Las geishas pueden obtener su independencia con respecto a la okiya a partir del sexto año, aproximadamente, desde que ingresaron como shikomi-san. Este tipo de geishas se conocen como geishas jimae. En consecuencia, deberá responsabilizarse de su propia vida, buscar un lugar en donde vivir, administrarse ella misma, etcétera, a la vez que continúa sus estudios en el ámbito de las artes. Pero por otro lado, la geisha jimae tiene un horario más flexible y no está obligada a vestir con el uniforme de geisha en el caso de que no tenga eventos a los que asistir ese día. Además, puede cancelar la asistencia a un banquete si así lo desea. Eso sí, deberá responsabilizarse de las consecuencias, ya que es de mala educación hacerlo a menudo.

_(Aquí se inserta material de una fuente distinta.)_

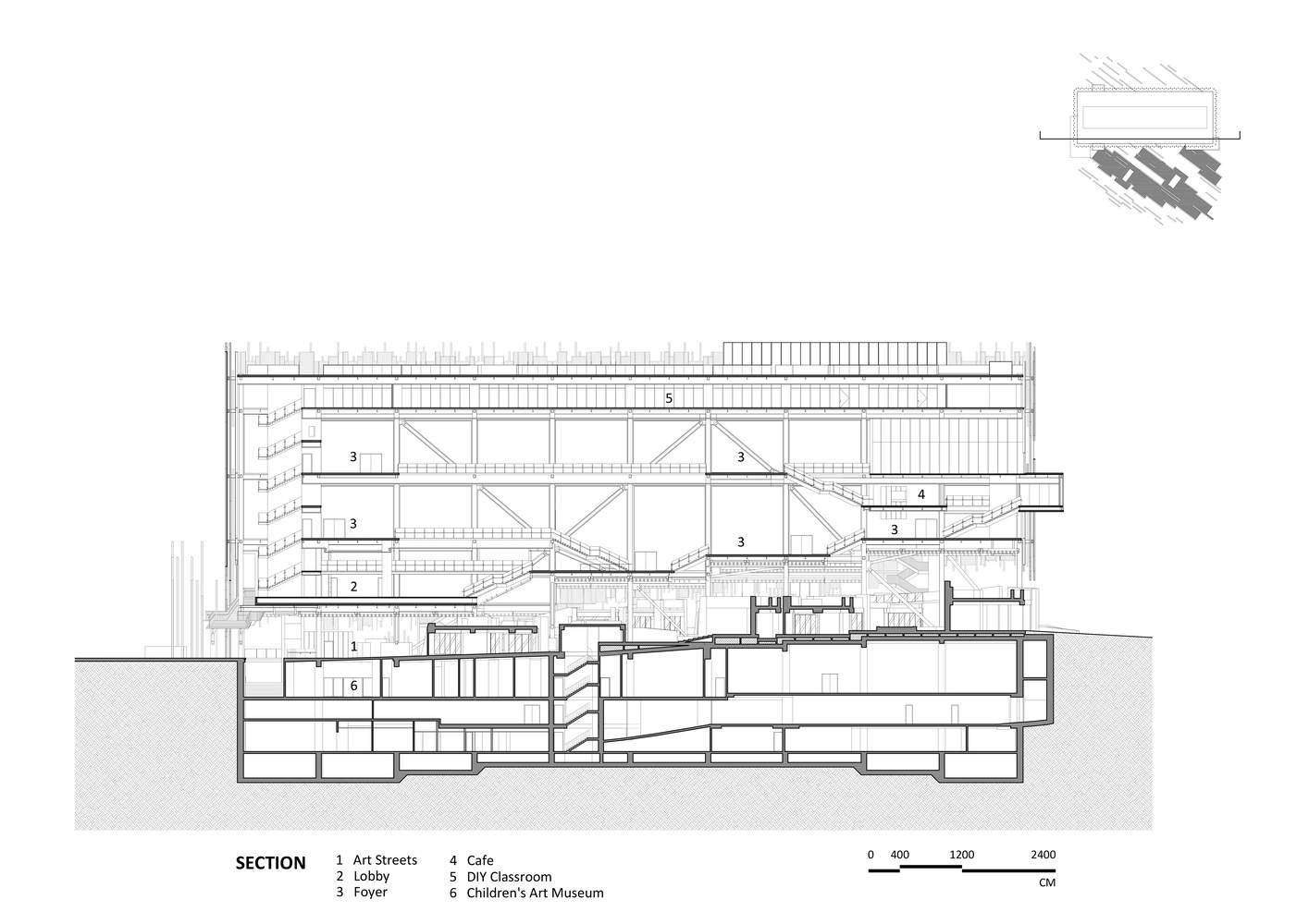 在地面上,清水混凝土艺术村展开,展现出一个由艺术街道和雕塑露台组成的网络。这座新博物馆遵循了“向所有人开放”的博物馆理念。游客可以在露天露台上自由漫步,露台上排列着咖啡馆、工作室和餐馆,其空间布局与莺歌和三峡的老街相同。他们还可以参加各种艺术活动,驻足欣赏开放式装置,或沿着砖砌路面走到山顶俯瞰风景。

Las geishas que siguen dependiendo de la okiya también continúan sus estudios artísticos, pero esta vez tienen la oportunidad de especializarse en un instrumento y en un tipo de danza en concreto. Normalmente, suelen especializarse según la demanda del cliente, con lo que tienden a escoger instrumentos como el shamisen.

Cuando una geisha decide retirarse, se celebra una ceremonia denominada hiki-iwai. En el pasado, este evento se celebraba cuando la geisha se independizaba de la okiya tras haber pagado sus deudas con ésta, o en el caso de abandonar el hanamachi. Actualmente, se realiza con el objetivo de mostrar el agradecimiento a todas aquellas personas que la ayudaron a ejercer como geisha, aunque se está empezando a dejar de llevar a cabo. Para ello, ofrece a tales personas una cajita de arroz con un papel de forma triangular en el cual figuran su nombre artístico de geisha y su verdadero nombre. Dependiendo del color del arroz se anuncia el por qué de la retirada: si el color del arroz es blanco, quiere decir que la geisha nunca volverá al hanamachi a ejercer como tal; si es rojo y tiene unas judías rojas llamadas sasage, quiere decir que es posible que vuelva a ejercer.

La ceremonia del hiki-iwai es informal. Las causas de la retirada las geishas son tales como el matrimonio, la apertura de un nuevo negocio, la jubilación, etcétera. Las geishas que tienen más éxito no suelen retirarse a edades muy altas.